Exercise prompt: Transcribe all records exactly; omit pictures.

+ + +

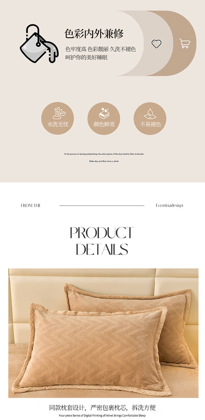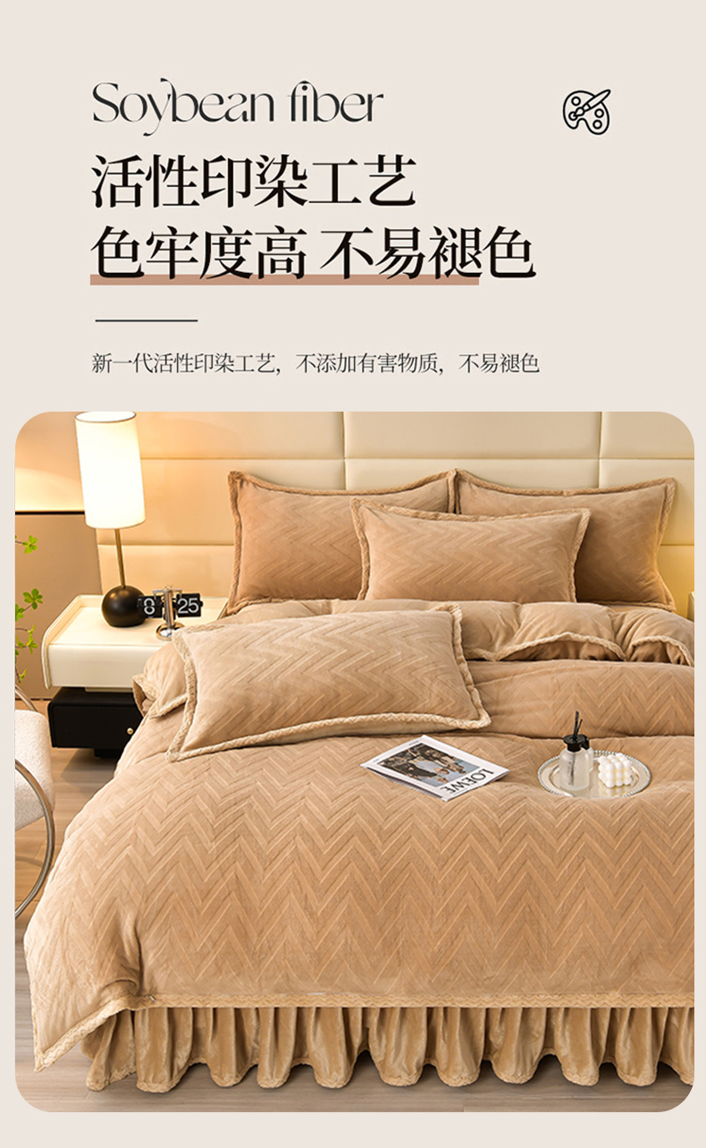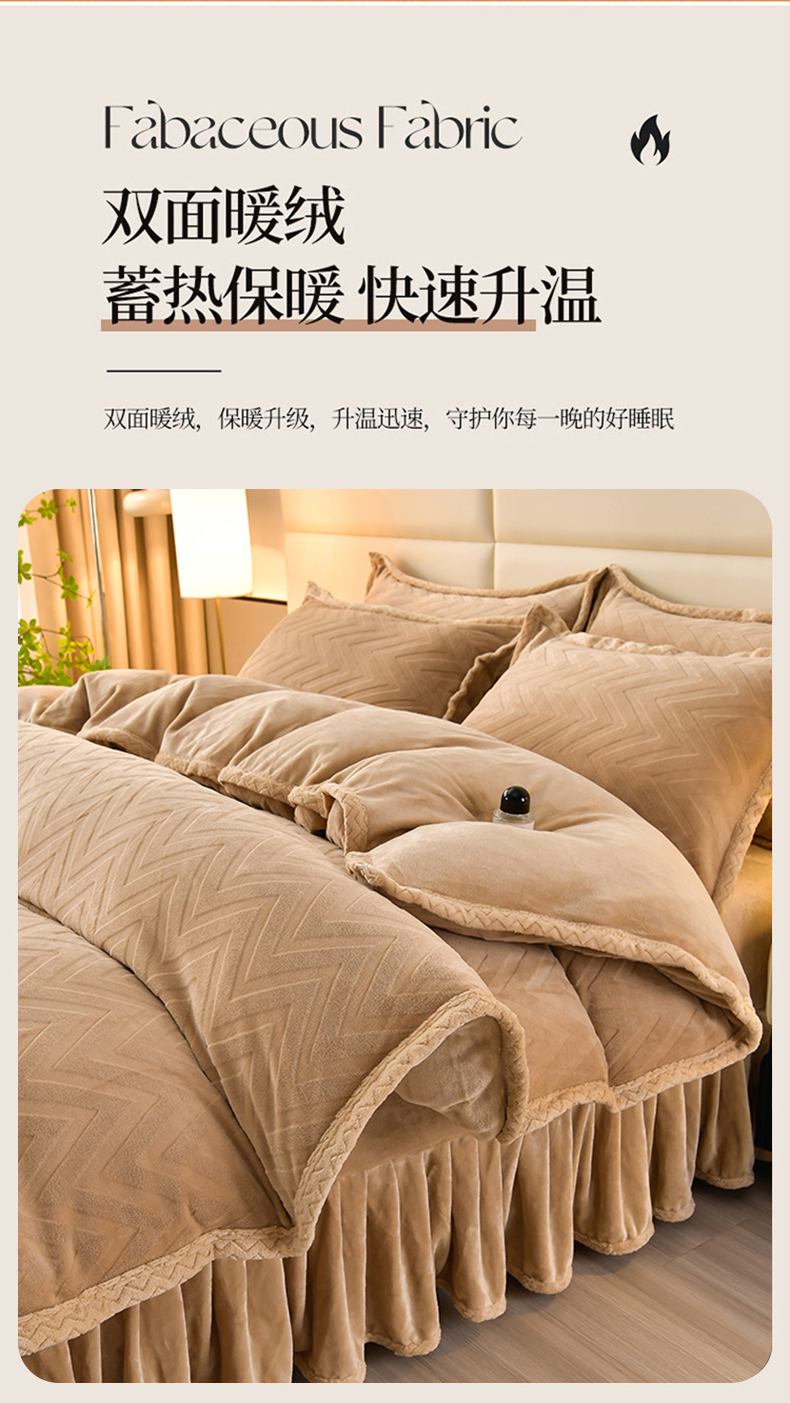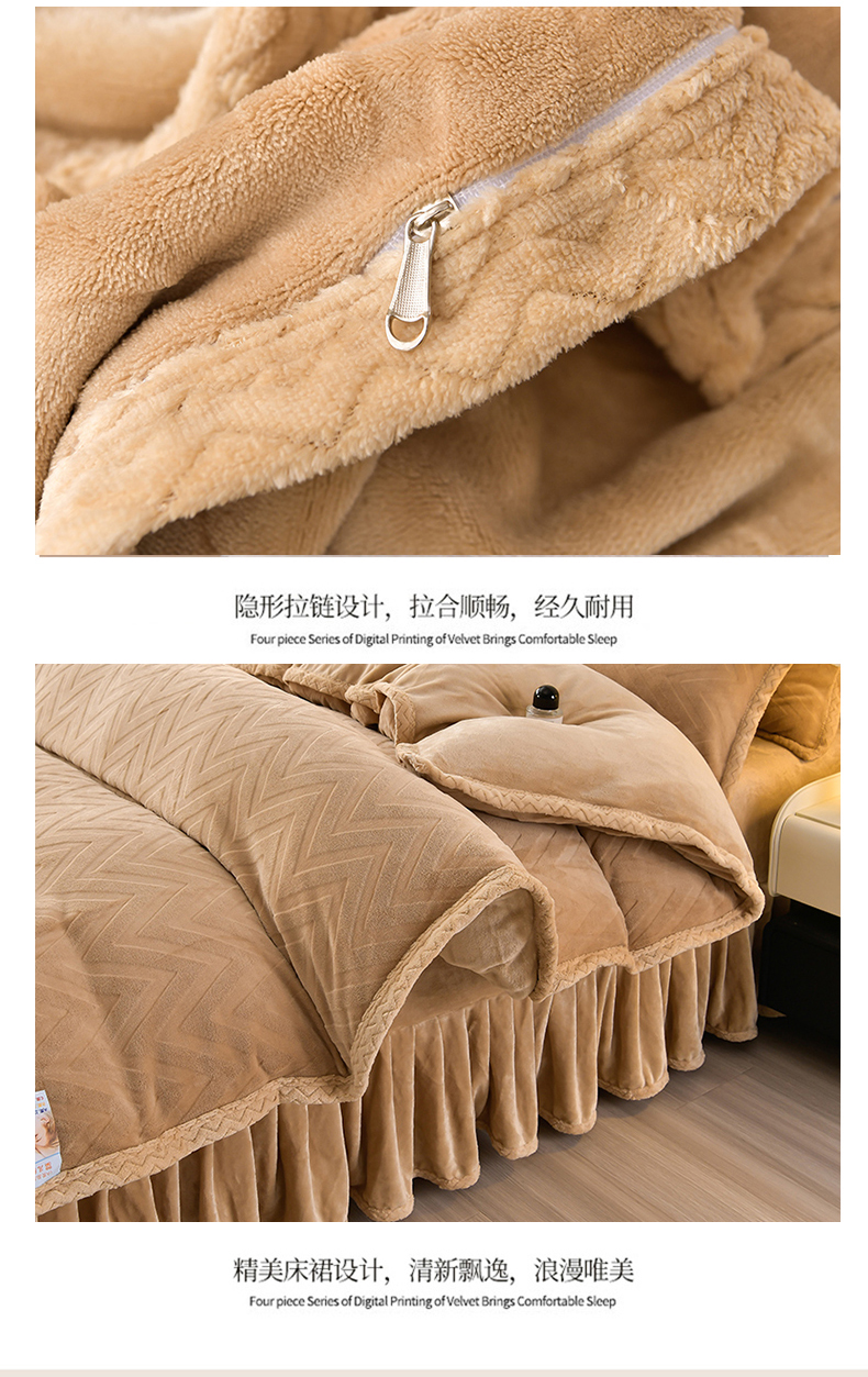 星窝家纺 2023直播电商爆款高克重9斤加厚雕花绒牛奶绒四件套 格调奶咖
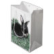 Cute Black Bunny-kanin i grönt Julgarland, kanske han tror att det är gräs eller hö, djur älskare julklapp helgdag
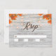 Bois gris rustique, Lumières à cordes, Étincelles d'or & Feuilles d'automne Carte RSVP de mariage saisonnier.
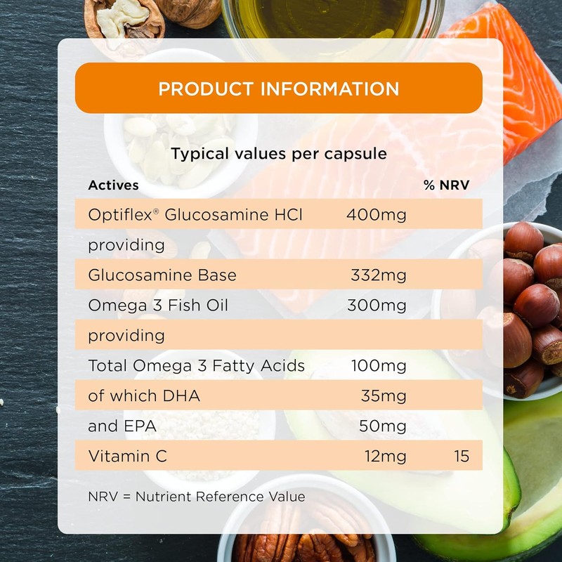 Healthspan Glucosamine & Omega 3 – 120 Capsules | Joint Health Support with 400mg Optiflex® Glucosamine HCl & 300mg Omega 3 Fish Oil | With Added Vitamin C for Collagen Formation | Highly Purified & Sustainably Sourced
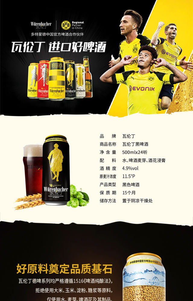 原产国:德国 原料与辅料:水、啤酒麦芽、酒花浸膏、 酒精度:4.9%vol 原麦汁浓度:11.5°P 生产日期:见瓶身(/年/月/日) 保质期:15个月 贮存条件:请置于阴凉干燥处
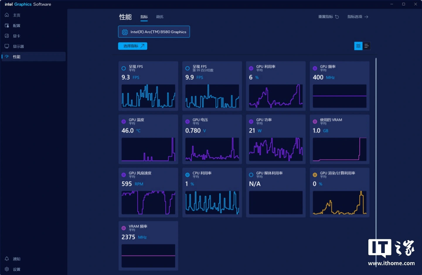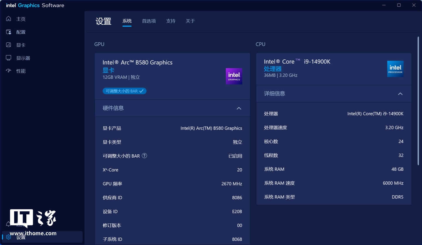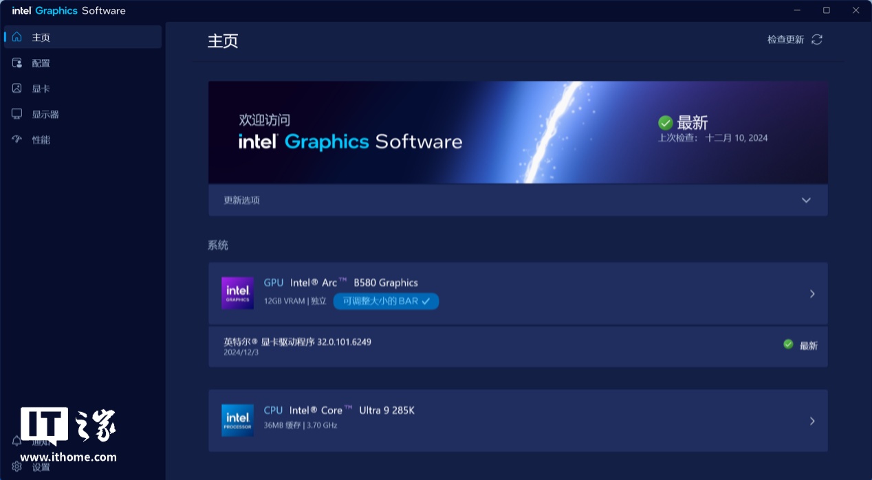 最后我们再看一看 intel Arc B 系列显卡带来的全新驱动软件 intel Graphics Software。软件整体采用了 A 卡标志性的深蓝 + 黑色主题色调,UI 视觉上经过了全新设计,软件主页可以看到当前 PC 上对应的 GPU 型号、Intel CPU 型号以及 GPU 驱动版本号等基础信息,用户可通过右上角的检查更新确认是否为最新驱动版本。
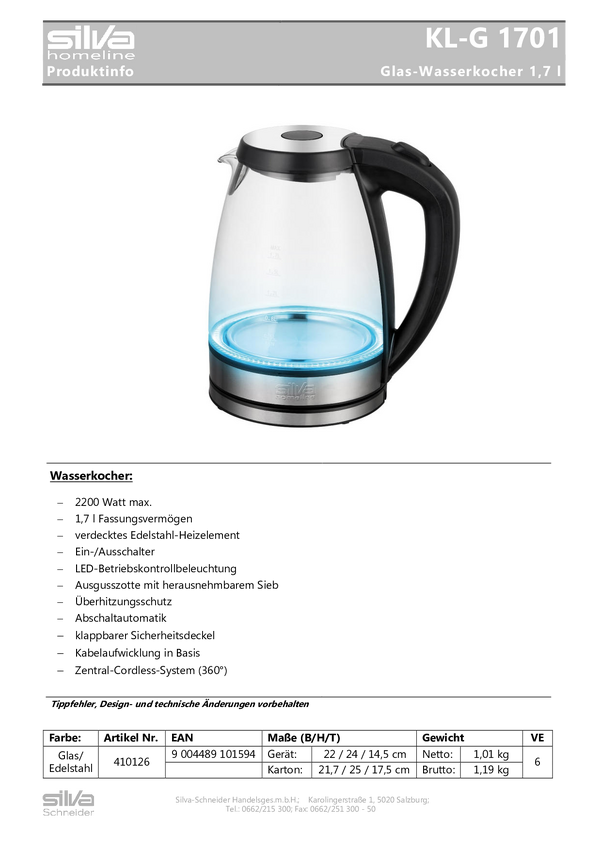 Silva Homeline KL-G 1701 Czajnik bezprzewodowy, ochrona przed przegrzaniem przeźroczysty, stali szlachetnej Pojemność: 1

+ + +

Reply:
 星窝家纺 2023直播电商爆款高克重9斤加厚雕花绒牛奶绒四件套 格调奶咖
 Cute Black Bunny-kanin i grönt Julgarland, kanske han tror att det är gräs eller hö, djur älskare julklapp helgdag
 Bois gris rustique, Lumières à cordes, Étincelles d'or & Feuilles d'automne Carte RSVP de mariage saisonnier.
 Healthspan Glucosamine & Omega 3 – 120 Capsules | Joint Health Support with 400mg Optiflex® Glucosamine HCl & 300mg Omega 3 Fish Oil | With Added Vitamin C for Collagen Formation | Highly Purified & Sustainably Sourced
 原产国:德国 原料与辅料:水、啤酒麦芽、酒花浸膏、 酒精度:4.9%vol 原麦汁浓度:11.5°P 生产日期:见瓶身(/年/月/日) 保质期:15个月 贮存条件:请置于阴凉干燥处
 最后我们再看一看 intel Arc B 系列显卡带来的全新驱动软件 intel Graphics Software。软件整体采用了 A 卡标志性的深蓝 + 黑色主题色调,UI 视觉上经过了全新设计,软件主页可以看到当前 PC 上对应的 GPU 型号、Intel CPU 型号以及 GPU 驱动版本号等基础信息,用户可通过右上角的检查更新确认是否为最新驱动版本。
 Silva Homeline KL-G 1701 Czajnik bezprzewodowy, ochrona przed przegrzaniem przeźroczysty, stali szlachetnej Pojemność: 1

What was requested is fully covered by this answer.